◆ Task goal ◆
The lines to return are those from the line holding "RECOVER ist ein" through the last line of the entries below, both included, written exactly and without pictures.

[[ The records, beginning ]]

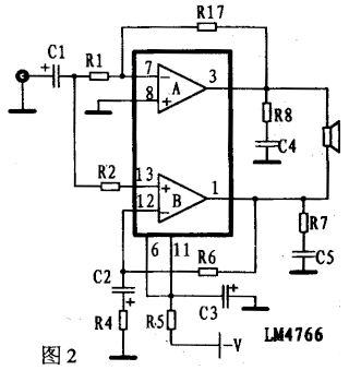 图2所示是LM4766的第二种BTL应用接法。A作为反相放大器,B作为同相放大器。A的增益为-R17/R1,B的增益为(R4+R6)/R4,可取适当的值使二者增益相等。由于A、B放大器的输入信号在相位上是绝对相等的,经过放大后相位即使有延迟,但只要延迟的相位相等,迭加后也不会存在相位混乱的问题。此电路的适应性很不理想。因为它对输入信号源的要求很高。信号源必须在电路上电前加入,而且内阻要足够小。在不接入信号源时,A作为跟随器将会输出一直流电压损坏喇叭。当信号源内阻太大时,A的放大系数会变小。此种接法适用于在电路中加有低输出电阻的前级的电路系统中。
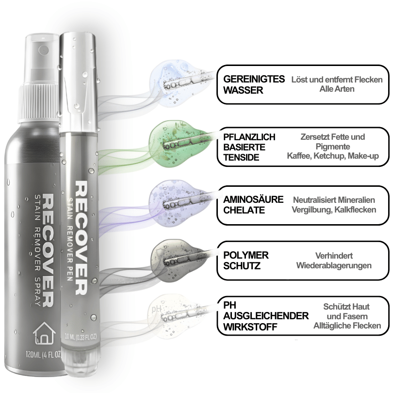 RECOVER ist ein hochwertiger Fleckenentferner , der Flecken – Kaffee, Wein, Make-up, Soße, Schlamm – auf Kleidung, Schuhen und Stoffen sofort entfernt , ohne die Fasern zu beschädigen oder die Farben verblassen zu lassen.
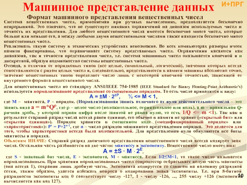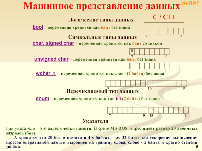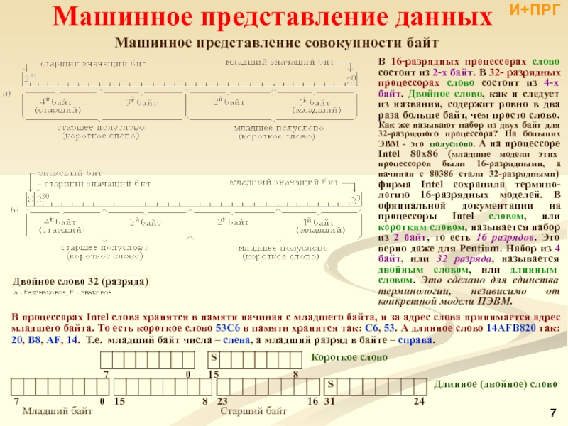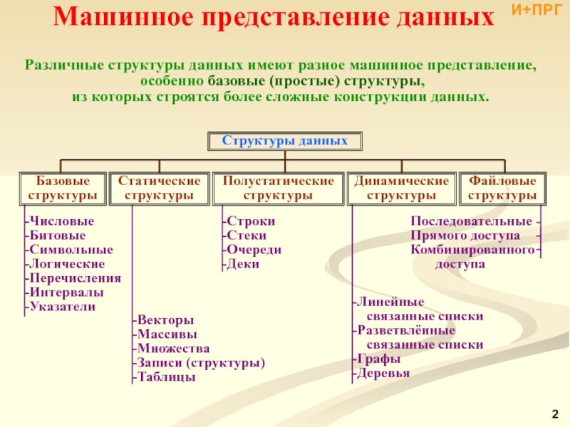Машинное представление данныхРазличные структуры данных имеют разное машинное представление, особенно базовые (простые) структуры, из которых строятся более сложные конструкции данных.И+ПРГ
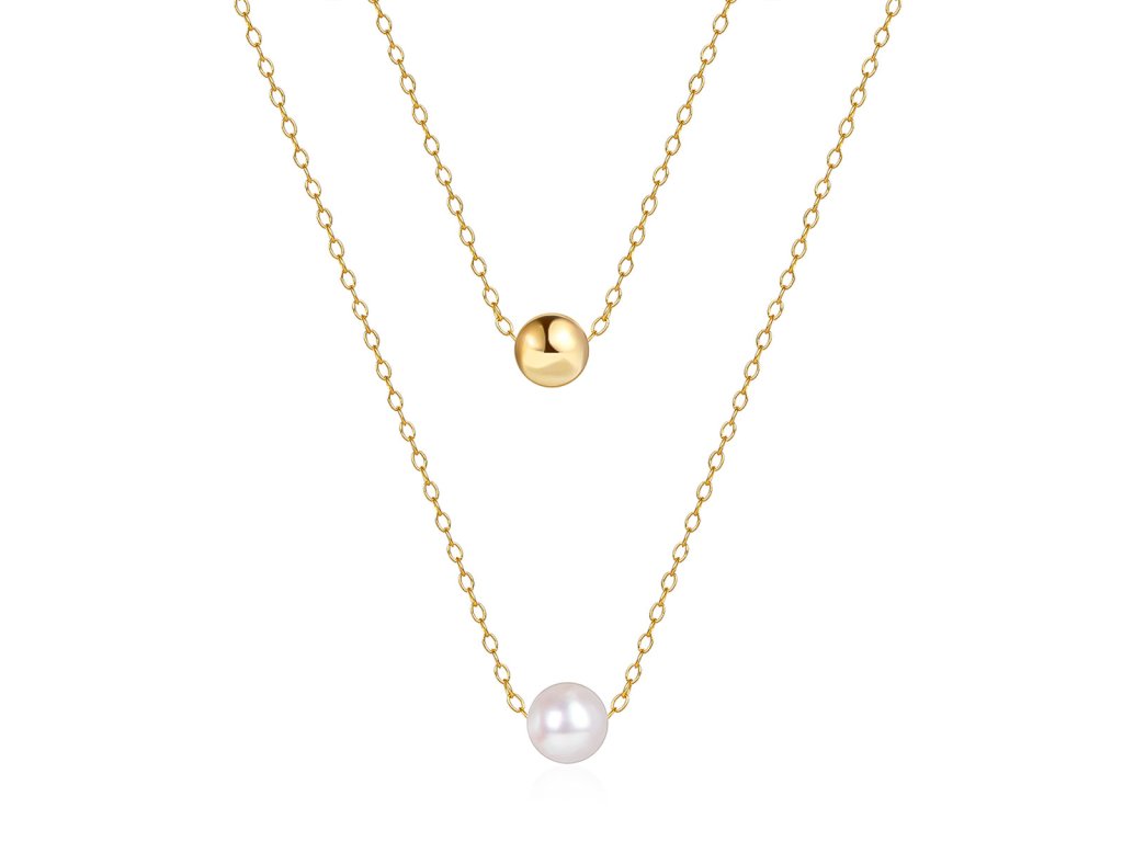 Zlacený náhrdelník ze stříbra 925 je tvořen dvěma jemnými řetízky, které vytváří moderní vrstvený vzhled. Kratší řetízek zdobí lesklá zlatá kulička, zatímco delší nese něžnou perlu s přirozeným leskem. Kombinace hladkého kovu a perly dodává šperku eleganci, lehkost a nadčasový charakter.
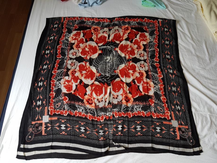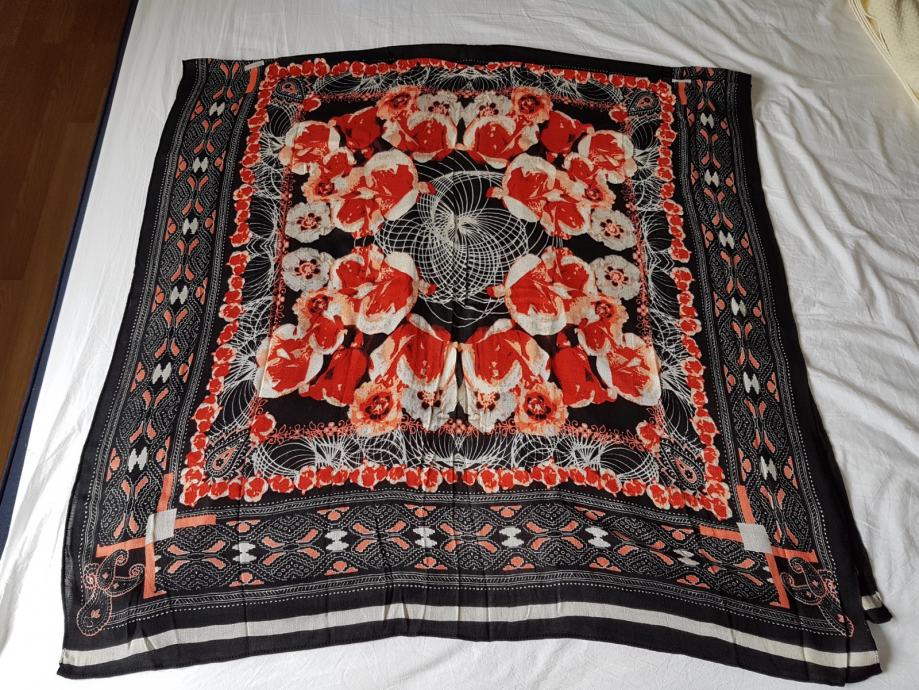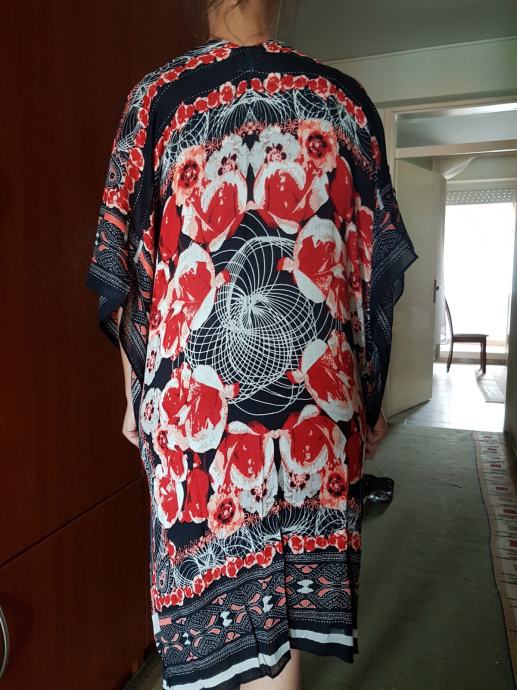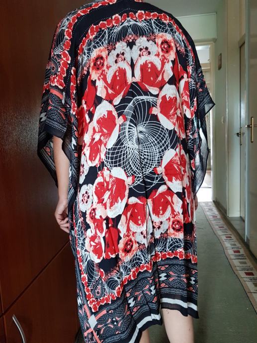 Potpuno novi i nenošeni ljetni lagani pončo marke Seed Heritage. Odličan za plažu i za ogrnuti se u večernjim satima. Prevladava crvena i crna boja. Na njemu piše univerzalna veličina, na slici osoba nosi L veličinu pa prema tome vjerojatnije stoji M i L veličini bolje. Materijal viskoza.

[[ The records, end ]]

◆ Result of the task ◆
 RECOVER ist ein hochwertiger Fleckenentferner , der Flecken – Kaffee, Wein, Make-up, Soße, Schlamm – auf Kleidung, Schuhen und Stoffen sofort entfernt , ohne die Fasern zu beschädigen oder die Farben verblassen zu lassen.
Машинное представление данныхРазличные структуры данных имеют разное машинное представление, особенно базовые (простые) структуры, из которых строятся более сложные конструкции данных.И+ПРГ
 Zlacený náhrdelník ze stříbra 925 je tvořen dvěma jemnými řetízky, které vytváří moderní vrstvený vzhled. Kratší řetízek zdobí lesklá zlatá kulička, zatímco delší nese něžnou perlu s přirozeným leskem. Kombinace hladkého kovu a perly dodává šperku eleganci, lehkost a nadčasový charakter.
 Potpuno novi i nenošeni ljetni lagani pončo marke Seed Heritage. Odličan za plažu i za ogrnuti se u večernjim satima. Prevladava crvena i crna boja. Na njemu piše univerzalna veličina, na slici osoba nosi L veličinu pa prema tome vjerojatnije stoji M i L veličini bolje. Materijal viskoza.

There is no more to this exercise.